The Cost of Consistency: Submodular Maximization with Constant Recourse

• URL: http://arxiv.org/abs/2412.02492v1
• Date: Tue, 03 Dec 2024 15:06:07 GMT
• Title: The Cost of Consistency: Submodular Maximization with Constant Recourse
• Authors: Paul Dütting, Federico Fusco, Silvio Lattanzi, Ashkan Norouzi-Fard, Ola Svensson, Morteza Zadimoghaddam,
• Abstract summary: In particular, we seek on the best-possible approximation ratio that is attainable when the algorithm is allowed to make at most a constant number of updates per step. We show a tight information-theoretic bound of $tfrac23$ for general submodular functions, and an improved (also tight) bound of $tfrac34$ for coverage functions.

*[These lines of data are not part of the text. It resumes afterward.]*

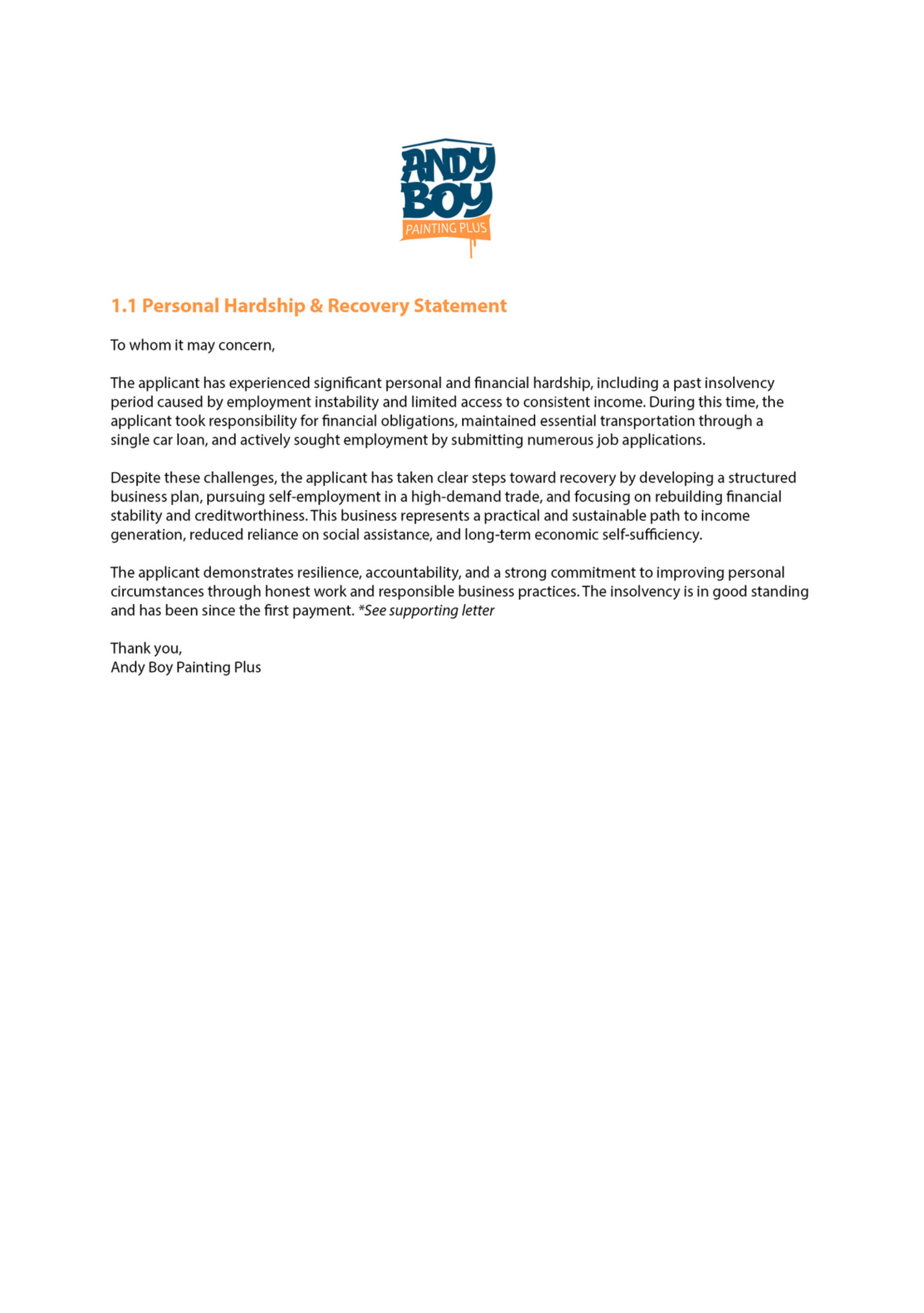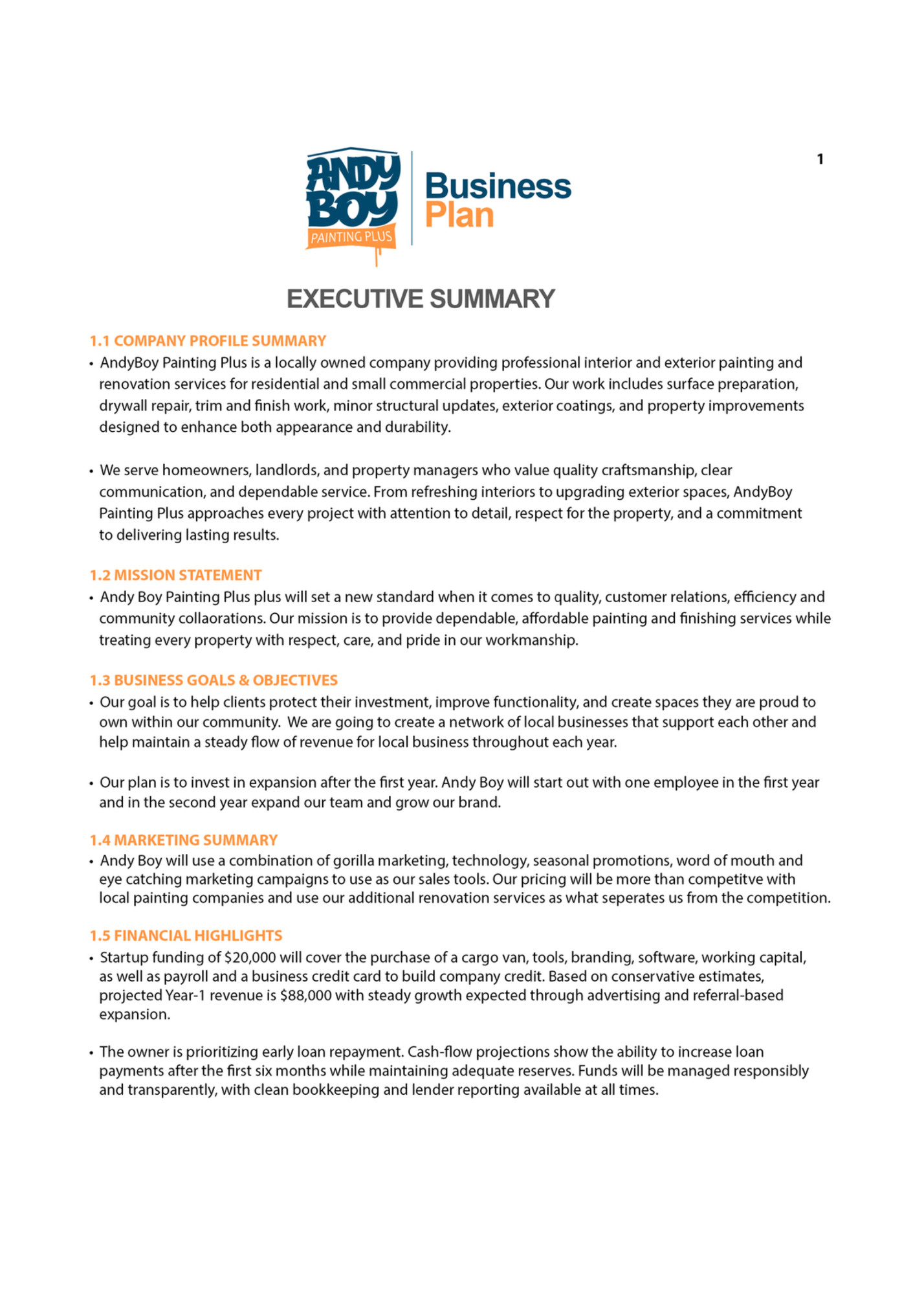 Andy Boy Painting Plus: Business Plan
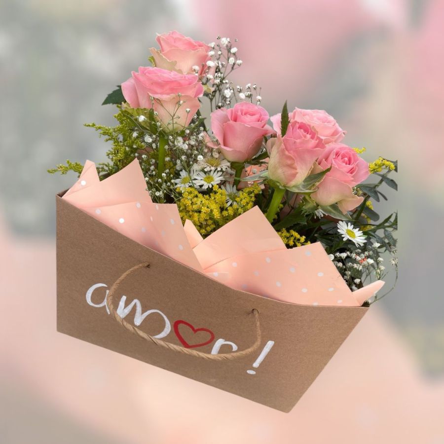 Bolsa de regalo con 12 rosas color rosa
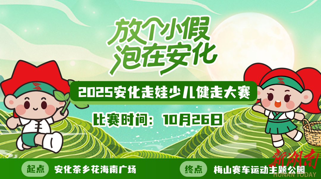 2025安化走娃少儿健走大赛将于10月26日(星期日)9:00-12:00,在安化茶乡花海景区活力开走。
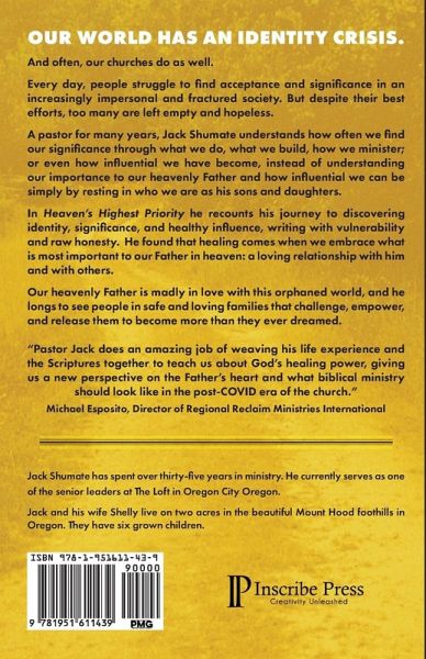 Our world has an identity crisis. And often, our churches do as well. Every day, people struggle to find acceptance and significance in an increasingly impersonal and fractured society. But despite their best efforts, too many are left empty and hopeless. A pastor for many years, Jack Shumate understands how often we find our significance through what we do, what we build, how we minister; or even how influential we have become, instead of understanding our importance to our heavenly Father and how influential we can be simply by resting in who we are as his sons and daughters. In Heaven's Highest Priority he recounts his journey to discovering identity, significance, and healthy influence, writing with vulnerability and raw honesty. He found that healing comes when we embrace what is most important to our Father in heaven: a loving relationship with him and with others. Our heavenly Father is madly in love with this orphaned world, and he longs to see people in safe and loving families that challenge, empower, and release them to become more than they ever dreamed. "Pastor Jack does an amazing job of weaving his life experience and the Scriptures together to teach us about God's healing power, giving us a new perspective on the Father's heart and what biblical ministry should look like in the post-COVID era of the church." Michael Esposito Director of Regional Reclaim Ministries International
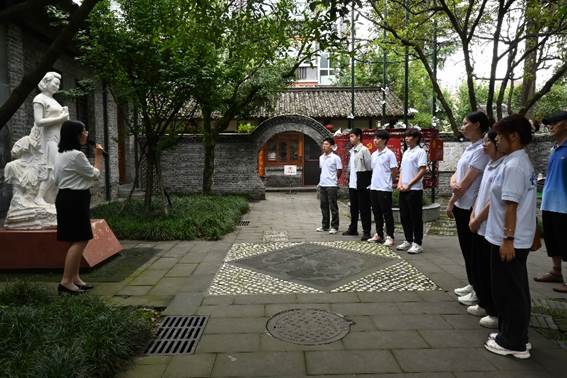 7月8日,实践团与四川大学空天科学与工程学院联合开展了国防精神研学与空天人才培养研讨活动。双方就国防精神传承、新时代空天人才培养展开深入交流,重点围绕“江姐班”红色育人模式、学风互助项目、“五育并举”综合评价体系以及“红岩精神”育人实践和大类招生/分流培养体系,探讨了新时代空天人才培养的有效路径。实践团成员还参观了四川大学江姐纪念馆及校史馆,更加深入学习了江竹筠同志的英雄事迹,感受了四川大学厚重的办学历史。
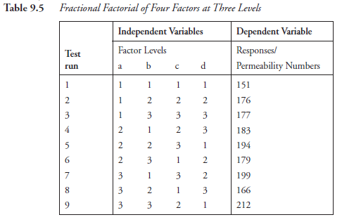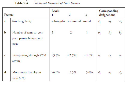 Table 9.4 shows, in summary, the four factors at three levels each forming the fractional factorial for the experiment.
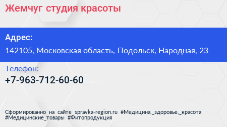 Жемчуг, студия красоты по адресу 142105, Московская область, Подольск, Народная, 23 в дальнейшем Организация, размещена в следующих категориях:
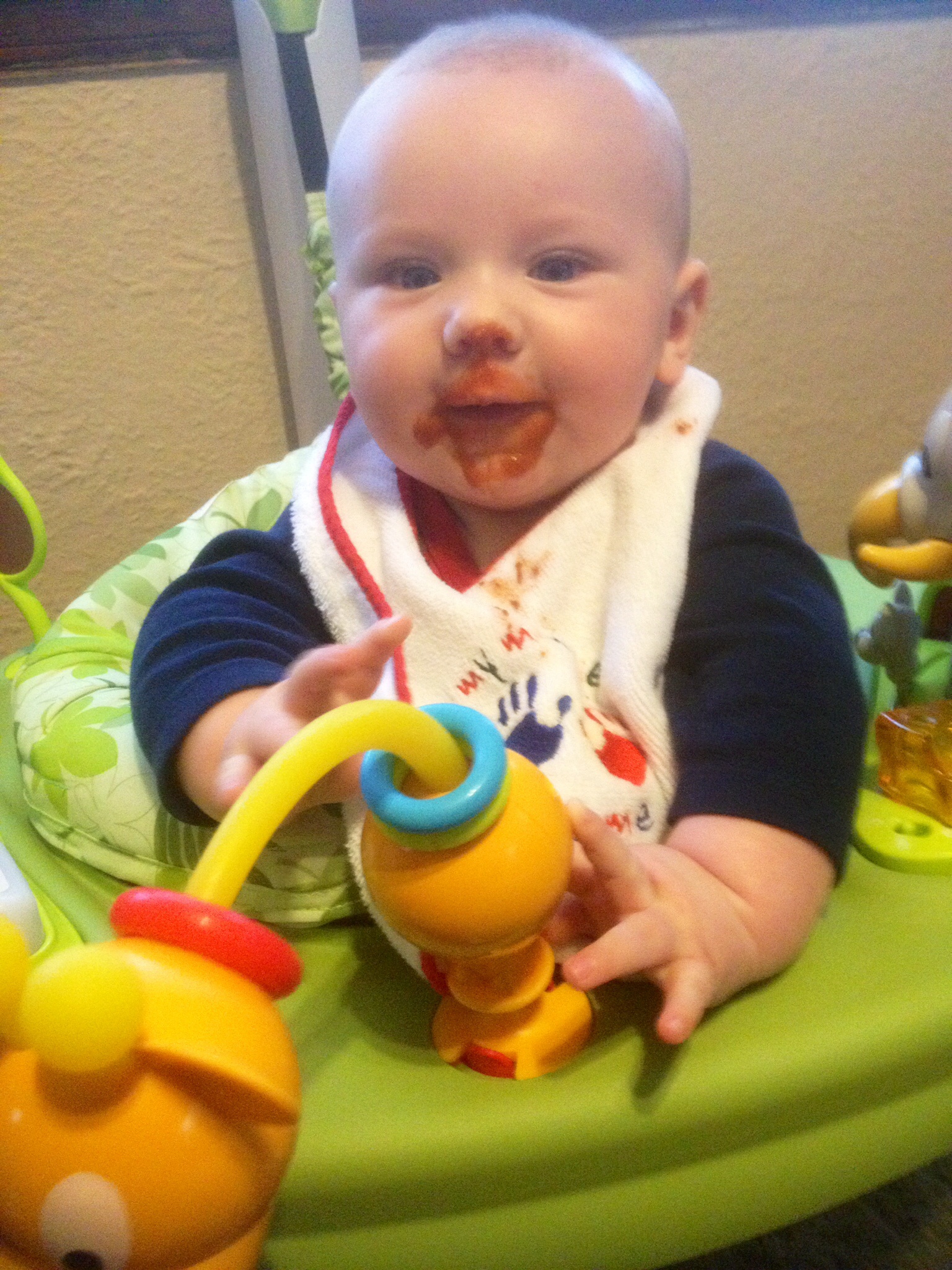 I thought about giving him water this weekend, but didn't happen. Ah, well. I've been reading more from the BLW book. So weird to me to think about him starting solids in just 5 weeks or so. I have a feeling he will do more playing/exploring with food than eating for a month or two after we offer, which I know is normal. It will definitely change our well-established evening/morning routine during the week, which I'm a little anxious about, but I know we'll adjust again.
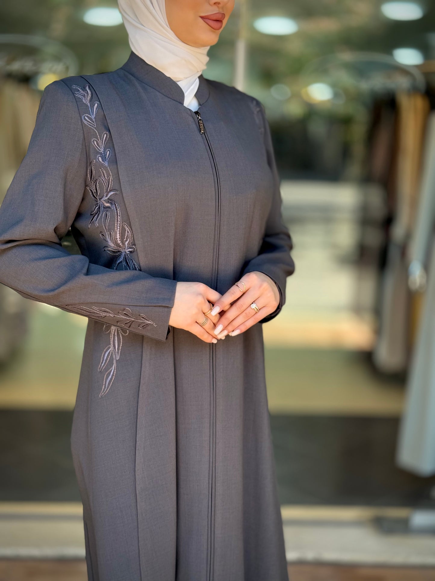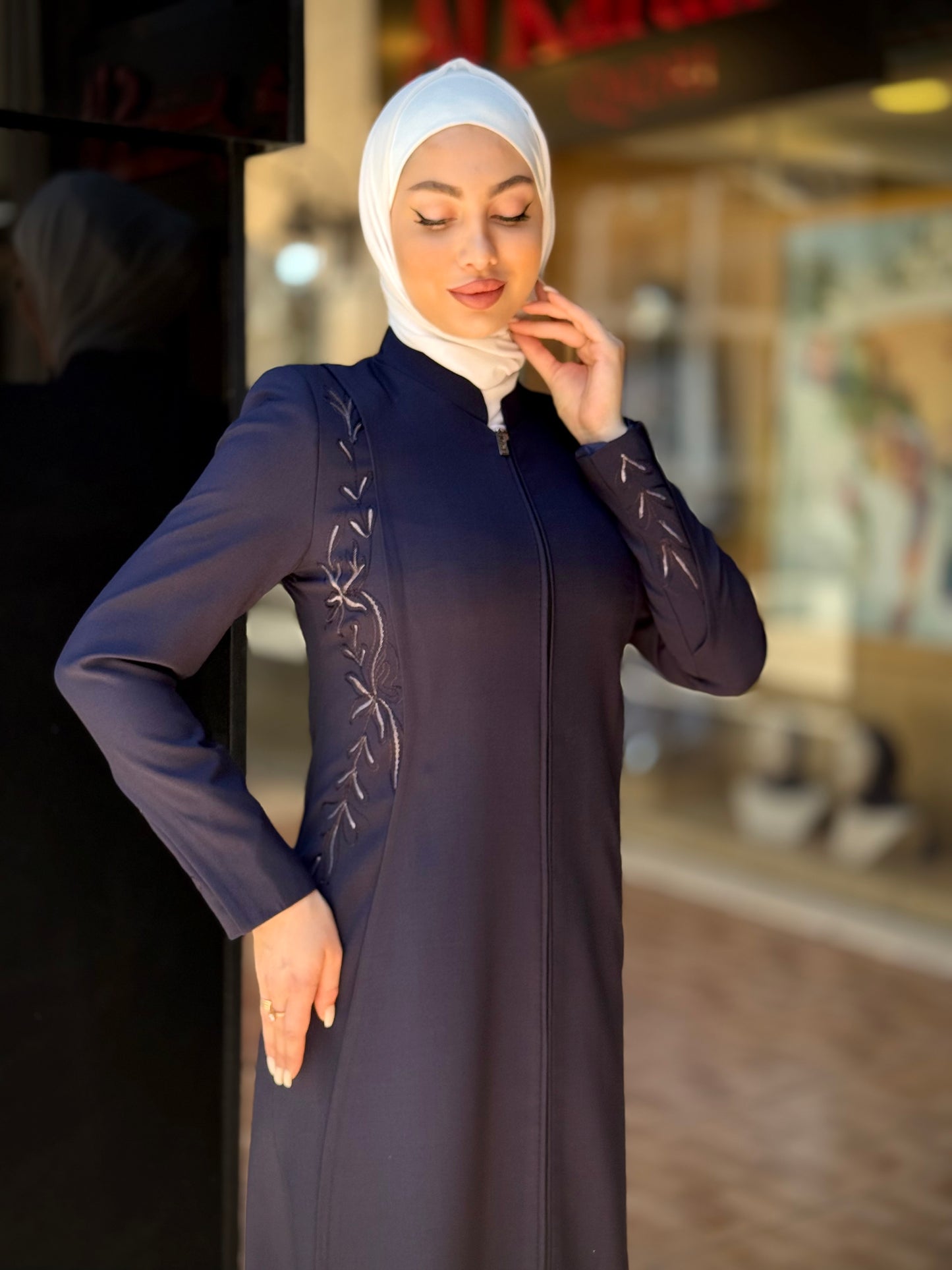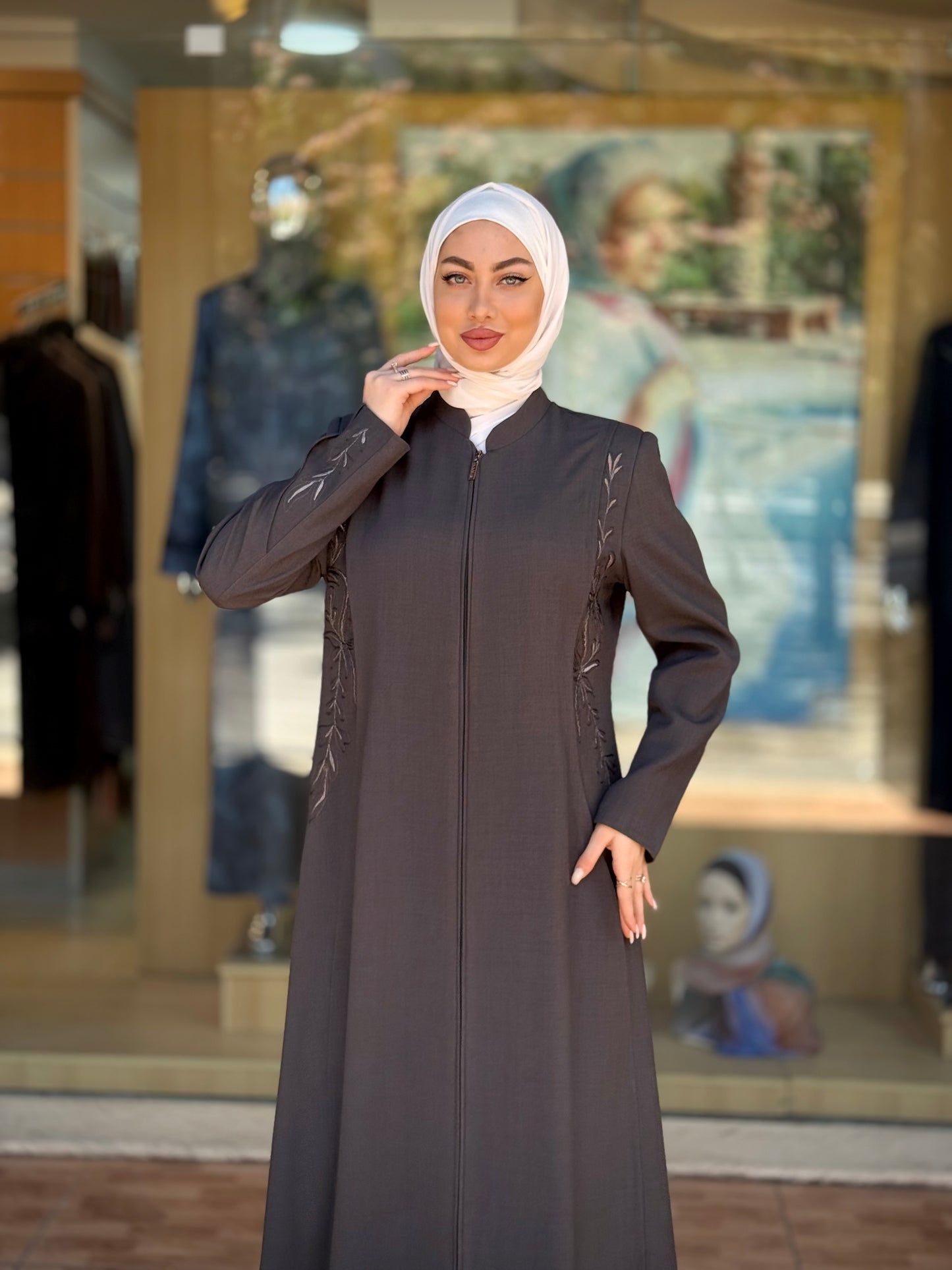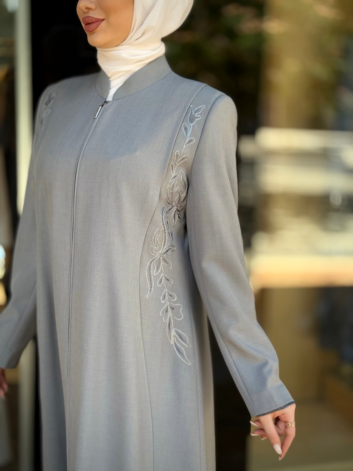 الراقية من العباءات والملابس النسائية الحصرية وتميزي بهذا الجلباب بقصة انسيابية راقية وتفاصيل من التطريز على الصدر والأكمام لإضافة لمسة من الفخامة الهادئة. يغلق من الأمام بسحاب لتوفير راحة وعملية، وهو مثالي للمناسبات الرسمية .

• Score: 30.724711970113777
• License:
• Abstract: In this work, we study online submodular maximization, and how the requirement of maintaining a stable solution impacts the approximation. In particular, we seek bounds on the best-possible approximation ratio that is attainable when the algorithm is allowed to make at most a constant number of updates per step. We show a tight information-theoretic bound of $\tfrac{2}{3}$ for general monotone submodular functions, and an improved (also tight) bound of $\tfrac{3}{4}$ for coverage functions. Since both these bounds are attained by non poly-time algorithms, we also give a poly-time randomized algorithm that achieves a $0.51$-approximation. Combined with an information-theoretic hardness of $\tfrac{1}{2}$ for deterministic algorithms from prior work, our work thus shows a separation between deterministic and randomized algorithms, both information theoretically and for poly-time algorithms.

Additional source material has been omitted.